Hi all... Was just wanting to know if pvc is a big no no for a mush tun manifold? 
Ive been reading that i should only use cpvc... 
if this is true ive got a worthless pvc one i just made


----------



## Supra-Jim (8/10/09)

from memory PVC is rated to 60degC. Most mash temps will be above this. Higher temps will soften the PVC and the weight of the liquid and grain may crush your manifold making it useless.

Cheers SJ


----------



## mookiedoi (8/10/09)

yeah thanks i've read up on it and now know <_< 
i should replace everything.. pipe, elbow, and T sections. ughhh
fun times!


----------



## ausdb (8/10/09)

mookiedoi said:


> Hi all... Was just wanting to know if pvc is a big no no for a mush tun manifold?
> Ive been reading that i should only use cpvc...
> if this is true ive got a worthless pvc one i just made



You have been reading too many American brewing texts and websites, just try to buy some cpvc at bunnings and you will quickly change your mind. The only place you are likely find it in Aus is at a fire protection company that installs fire sprinkler systems.

Why not use slotted copper or a hose braid?


----------



## seemax (8/10/09)

my 1st manifold was PVC... fairly cheap and easy to modify, never had any softening problems, but it was a pain to clean

go with the stainless braid, it so simple you can't go wrong and efficiency for batch sparging is almost the same


----------



## clean brewer (8/10/09)

mookiedoi said:


> Hi all... Was just wanting to know if pvc is a big no no for a mush tun manifold?
> Ive been reading that i should only use cpvc...
> if this is true ive got a worthless pvc one i just made



Checkout Brew Doods Website, he builds his Manifolds from CPVC, email him if you need some advice, friendly guy....  

:icon_cheers: CB


----------



## mookiedoi (8/10/09)

Thanks astdb i will make a copper one i was considering it at first but seemed a harder job more expensive plus the cpvc one could pull apart for easy cleaning if need be.

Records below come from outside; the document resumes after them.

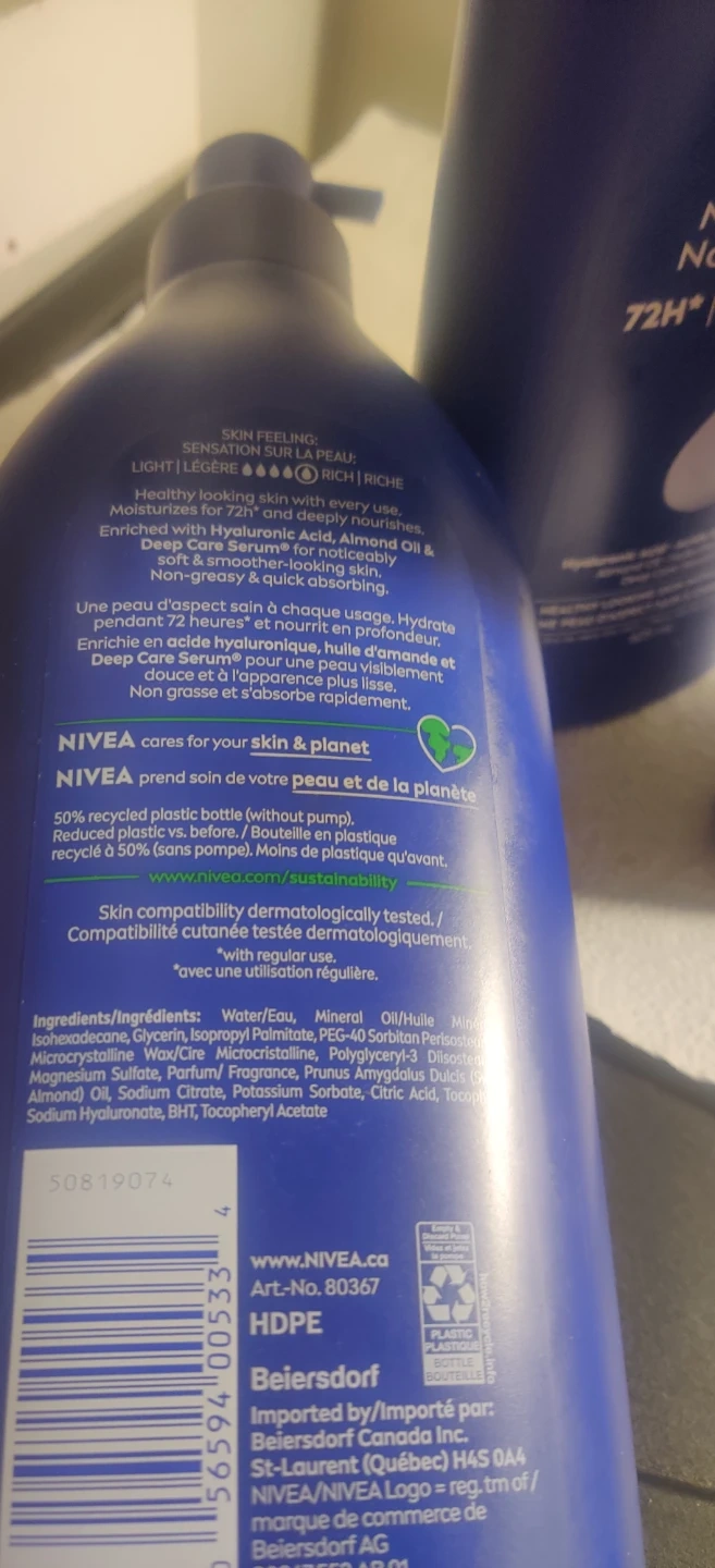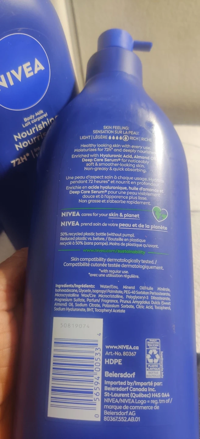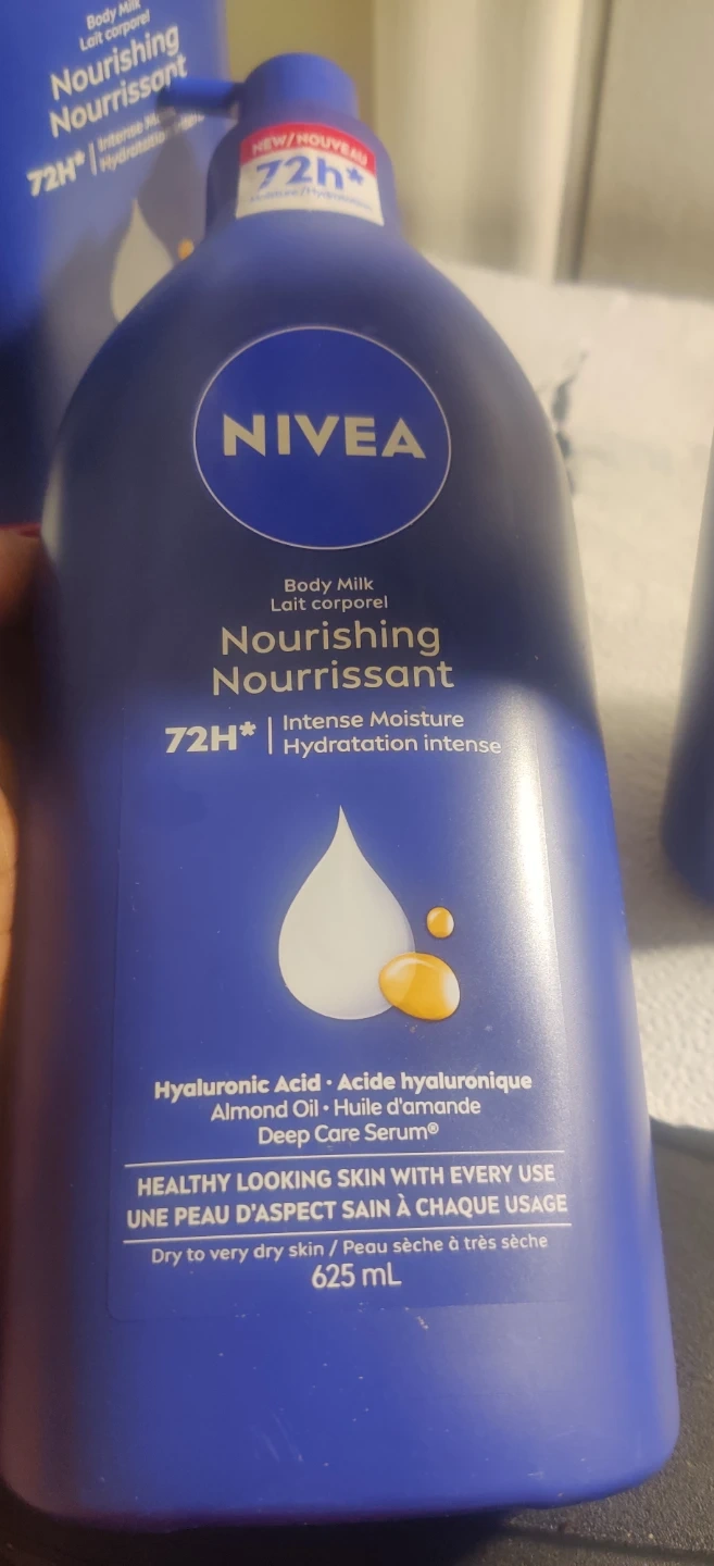 Nivea Body Milk offers 72H intense moisture for dry to very dry skin. It's formulated with Hyaluronic Acid, Almond Oil & Deep Care Serum for healthy-looking skin.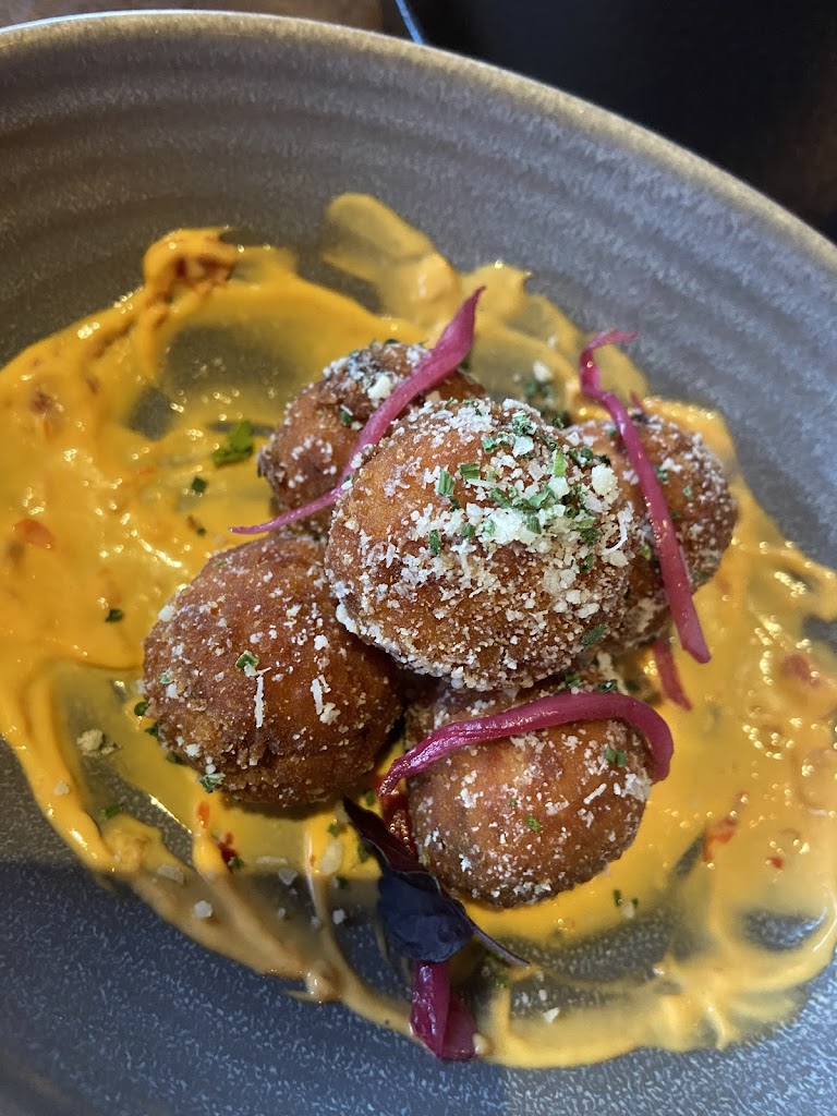 Great appetizer selection. We shared several and the mac and cheese appy was the BEST. Great lunch on the patio on a summer day.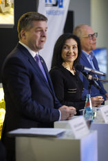 Stichworte: Politik Politics Bundespressekonferenz bpk Federal Press Conference Sicherheit safety security Portraet Portrait neutraler Hintergrund neutral background Freisteller freistellbar sprechend sprechen spricht sprechende sprechender sprechendes Talking sieht nach rechts looks to the right ernst ernste serious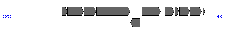 | # | Locus tag (Gene) | Coordinates [+/-], size (bp) | Protein GI | Product | Component | |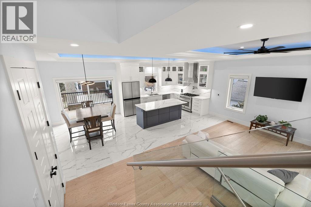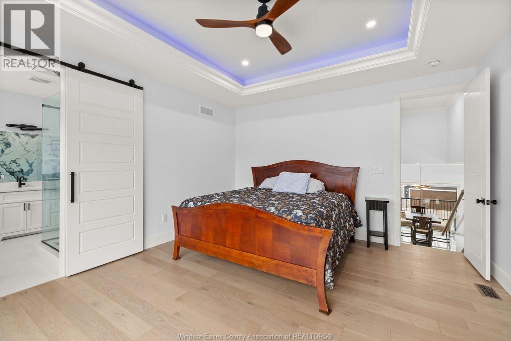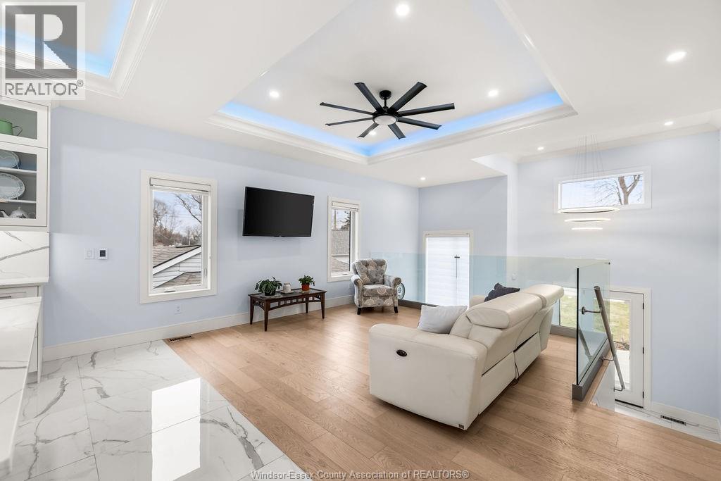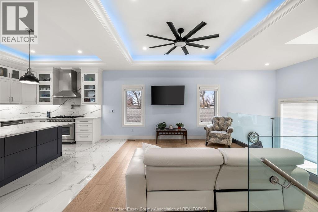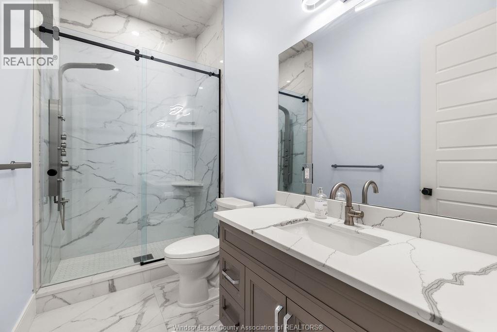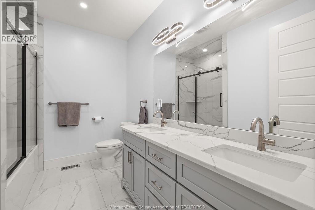 2yr new Cutting Edge, Loaded+ Water Views! Just Absolutely Breath-Taking Styles & Finishes!!! A must see! 10'4"" XX-tall basement ceiling, 9' main flr trayed up to 10' !!! Beautiful XL Quartz kitchen, Hi-End S/Steel Appliances, commercial gas stove, hood fan+ pot filler, b/splash, XXL 30x30 gorgeous flr tile, massive Island, 8' patio dr, uniquely open to living rm with X-Tall raised boxed ceilings, accented indirect lighting & pot lites! Luxurious Ensuite for the XL Private Master Suite, soaker tub, 1pc toilet, 5'x3'custom shower, double sinks, organized walkin closet + balcony walk out with ultra sleek glass rails. Enjoy main flr laundry, front load LG washer/dry + quartz working top. All hardwood thru-out continue into main flr bedrms (1 has walkin) + a sharp main bath with double quartz sink top. Heavy Duty borderless Clear Glass rails thru-out complements the open bright atmosphere. The Excitement continues, wide open Lower with amazing 10'4""ceiling, 4' tall windows, tiled feature wall + 8' linear fireplace, 3rd beautiful full bath, bedrms 4 & 5. Heated Kit & Ensuite floors, power blinds, security cameras , wired for tv's & projector system, Premium Light fixts & ceilng fans, LED's, Premium Plumbing fixts, Glass/tile showers, 8' tall doors, Premium hardware, H/wood Stairs, 200 Amp service +++more! Eye catching exterior, stone brick, landscaped, Full concrete drive with Full Side-Walk to rear patio(wired for Hot Tub-excluded) & deck with Maint-Free Aluminium rails. 23' wide Insulated garage & 9'x8' decora doors + more! Skip the subdivision, take-in this laid back neighbourhood of ""Edgewater ""with cool breezes, gorgeous sunsets with raised views of the water & the U.S. , right above across from houses on the River! Just mins to full amenities in Amherstburg + easy relax drive to Windsor with a properly yr round maintained 4 lane road! All approx. (id:4555)

had no idea cpvc is difficult to find in Australia.

The amount of info originating from the U.S unsurprisingly floods the internet..


----------



## Peteoz77 (8/10/09)

I used PVC about a year ago and have made over 850 Liters with NO issues.


----------



## t2000kw (8/10/09)

Peteoz77 said:


> I used PVC about a year ago and have made over 850 Liters with NO issues.



PVC is not rated for hot water (in the US anyway). CPVC is rated for hot water supplies in homes. The PVC may leach out plasticizers into hot water, but I think the cold water only rating for PVC has to do with its ability to handle pressure above a certain temperature. 

Since you're not going to be putting it under pressure, it won't matter unless there's also a problem with chemical leaching from the PVC. 

If you have CPVC available, I would just use that. It shouldn't be expensive, though it will cost a bit more than the cheaper PVC.


----------



## manticle (8/10/09)

mookiedoi said:


> Thanks astdb i will make a copper one i was considering it at first but seemed a harder job more expensive plus the cpvc one could pull apart for easy cleaning if need be.



I made a copper manifold. That means almost anyone can make one. You just need good instructions (I can help with this if you need). Buy your bits at a plumbing trade centre (tradelink etc) and it will cost diddly.

As for cleaning: it's a POP. Flush out till no grain bits then soak in vinegar or vinegar solution (cheap white stuff) for a short amount of time till copper is pink. Discard, rinse. Do this after use and again before use.

Because you are boiling the wort you don't need to go crazy and pull everything apart - just avoid big bits of mould growing inside by doing the above.


----------



## avaneyk (8/10/09)

Mine's a stainless steel braid - really easy and cheap to build but from what I've read, slightly lower efficiency than a copper mannifold. The braid will cost about $15 - you just buy a s/s braided hose from the hardware store, cut off the connector ends and pull the rubber hose out. Then re-attach one of the connectors to one end with a s/s hose clamp and fold the other end over. Done. 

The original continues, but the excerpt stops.